The control system comprises at least one processor and at least one memory including program code with the memory and computer program code configured with the processor to cause the system to perform the functions described throughout this specification. Software code may be provided in a software program in a non-transitory computer readable medium storing the program, which, when executed by a computer or the control system, makes the computer and/or the control system communicate with and/or control the various components of the system to accomplish the methods, or any steps of the methods, or any combination of the various methods, described above.
Multiple fluorescence inducing agents can be administered to the patient to support fluorescence guided surgery. For example, for resection of glioma in the brain, which might be located very near some small blood vessels which a surgeon would want to avoid damaging, two fluorescence inducing agents may be administered in order to induce different fluorescence distinct tissue. For example, 5-ALA may be administered to induce fluoresce of glioma (glowing red), while ICG may be administered to induce fluoresce in blood vessels (glowing infrared), and the target tissue can be illuminated with excitation light for both (blue for the 5-ALA, and near-infrared for ICG). After administration and during surgery, the target tissue can be illuminated by excitation light including excitation light for both agents, and the control system can be operated as above, to obtain images of the diseased tissue and blood vessels within the healthy tissue, so that the surgeon can see both on the display screen, and attack the diseased tissue while avoiding the now-visible underlying blood vessels. To accomplish this, the cannula system may be augmented with an additional excitation light source, matched to the additional agent, and the control system may be further configured to (1) illuminate the target tissue with a second excitation light source in a third period and obtain captured video data during the third period and present three side by side images, (2) illuminate the target tissue with a second excitation light source in a third period and obtain captured video data during the third period and a single image of the target area composed of the broad spectrum image, the second excitation light (blue) image, and the second excitation light (infrared) image or (3) a mixture of display modes, in which two of the images are presented in superimposed fashion in a composite image while the third is shown side-by-side with the composite image.

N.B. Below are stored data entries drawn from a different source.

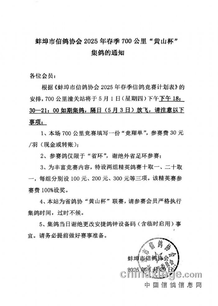 蚌埠市信鸽协会2025年春季700公里潼关站集鸽的通知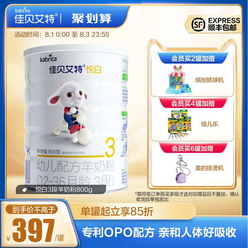 SF] Jiabei Aite flagship baby goat milk powder 1-3 years old 3-stage Yue white 800g OPO A2 protein
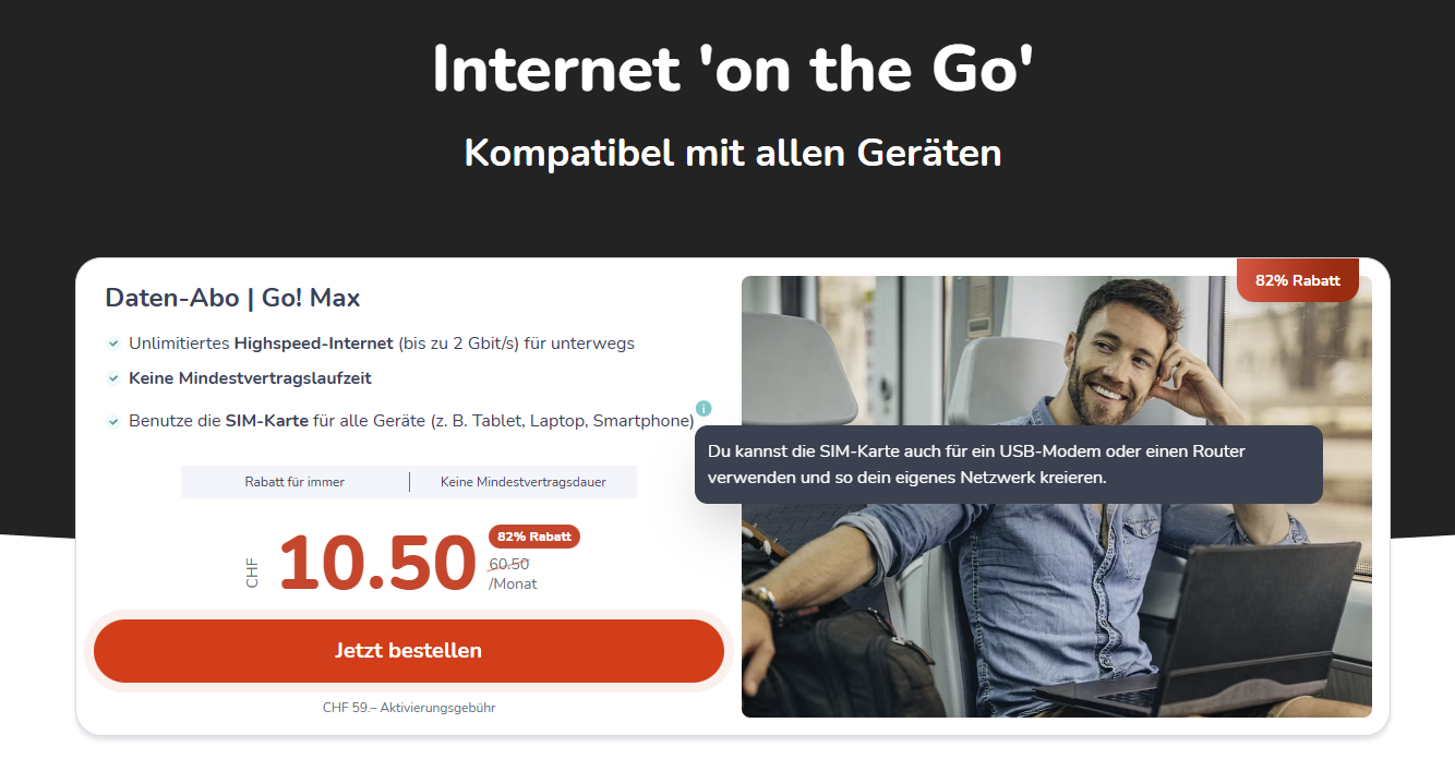 Vor Kurzem gab es noch das Yallo Go! Max für 15.90 Franken pro Monat, hier noch der Deal dazu. Jetzt ist der Preis um 1.– Franken gesunken, und zwar könnt ihr euch das Daten-Abo für nur 14.90 Franken pro Monat ergattern. Jetzt gibt es dieses Abo aktuell für nur 10.50 Franken pro Monat. Jedoch fallen noch Aktivierungskosten von 59.– Franken an, die beim vorherigen Deal nicht angefallen sind.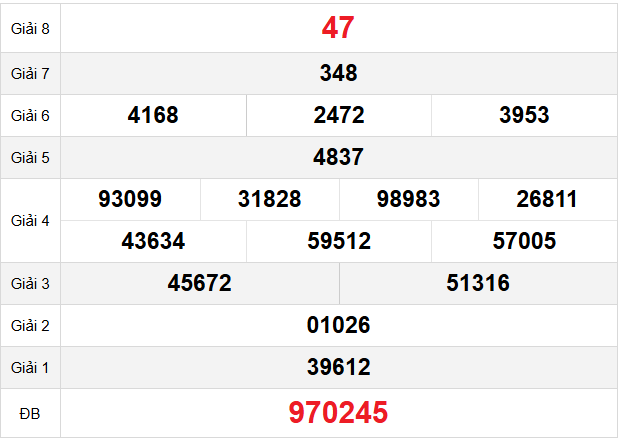 Mời các bạn xem lại bảng kết quả kỳ trước với giải đặc biệt, giải tám, lô tô 2 số để có thể đưa ra nhận định dự đoán QT ngày 17 tháng 7 năm 2025 chuẩn xác nhất.

The imaging system and method are illustrated above in the context of a cannula system which provides a particularly useful platform for use of the imaging system in brain surgery and spinal surgery. The benefits of the imaging system and method may be achieved with or without the cannula, in other platforms, including open surgery with separately supported components, or in endoscopic surgery with lighting and imaging components provided one or more tools in an endoscopic workspace.
While the preferred embodiments of the devices and methods have been described in reference to the environment in which they were developed, they are merely illustrative of the principles of the inventions. The elements of the various embodiments may be incorporated into each of the other species to obtain the benefits of those elements in combination with such other species, and the various beneficial features may be employed in embodiments alone or in combination with each other. Other embodiments and configurations may be devised without departing from the spirit of the inventions and the scope of the appended claims.